What you should do:
In the material below, begin at the line that has "6. 最終pH和CO2補償點(表2):通過pH漂移實驗測定。研究意義:確定了該種海草利用HCO3-的能力(最終pH >", stop after the line that has "Upptäck vår undervattensäventyr", and transcribe those lines exactly, without pictures.

Given information:

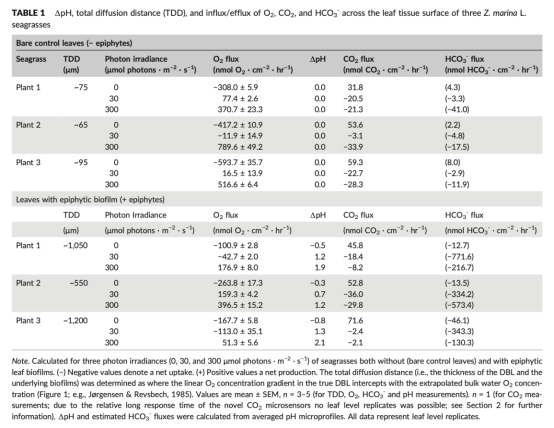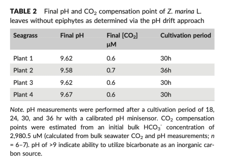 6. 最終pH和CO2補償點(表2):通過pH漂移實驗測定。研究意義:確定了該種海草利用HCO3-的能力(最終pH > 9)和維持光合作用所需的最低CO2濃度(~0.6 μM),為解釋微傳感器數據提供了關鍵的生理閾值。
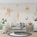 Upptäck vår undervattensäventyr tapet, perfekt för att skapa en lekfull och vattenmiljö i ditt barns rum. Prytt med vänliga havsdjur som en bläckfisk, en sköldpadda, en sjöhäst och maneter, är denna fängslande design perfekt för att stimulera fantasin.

==

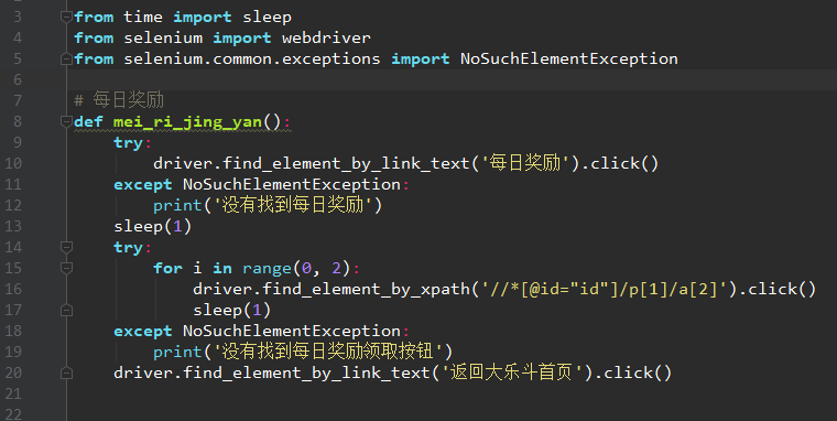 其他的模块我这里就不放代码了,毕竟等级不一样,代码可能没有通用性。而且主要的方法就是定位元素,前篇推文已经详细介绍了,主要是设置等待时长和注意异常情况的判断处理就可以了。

--

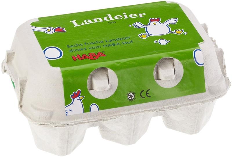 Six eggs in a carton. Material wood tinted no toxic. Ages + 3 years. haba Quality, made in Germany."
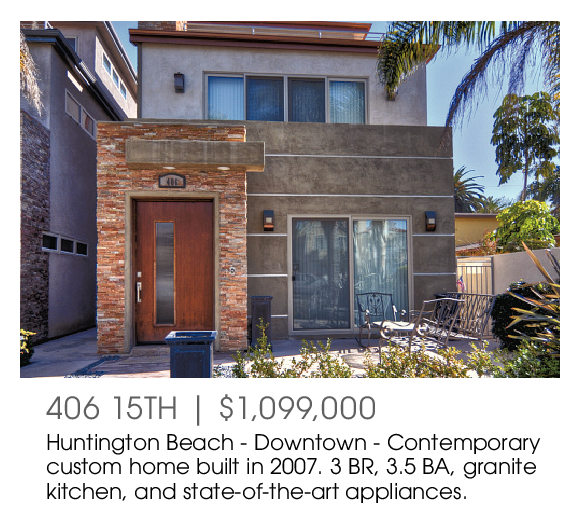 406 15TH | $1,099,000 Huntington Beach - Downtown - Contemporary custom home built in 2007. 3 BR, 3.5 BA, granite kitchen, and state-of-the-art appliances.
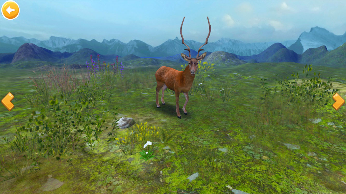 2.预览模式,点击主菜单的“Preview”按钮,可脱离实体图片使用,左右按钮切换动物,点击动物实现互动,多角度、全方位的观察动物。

Solution:
 6. 最終pH和CO2補償點(表2):通過pH漂移實驗測定。研究意義:確定了該種海草利用HCO3-的能力(最終pH > 9)和維持光合作用所需的最低CO2濃度(~0.6 μM),為解釋微傳感器數據提供了關鍵的生理閾值。
 Upptäck vår undervattensäventyr tapet, perfekt för att skapa en lekfull och vattenmiljö i ditt barns rum. Prytt med vänliga havsdjur som en bläckfisk, en sköldpadda, en sjöhäst och maneter, är denna fängslande design perfekt för att stimulera fantasin.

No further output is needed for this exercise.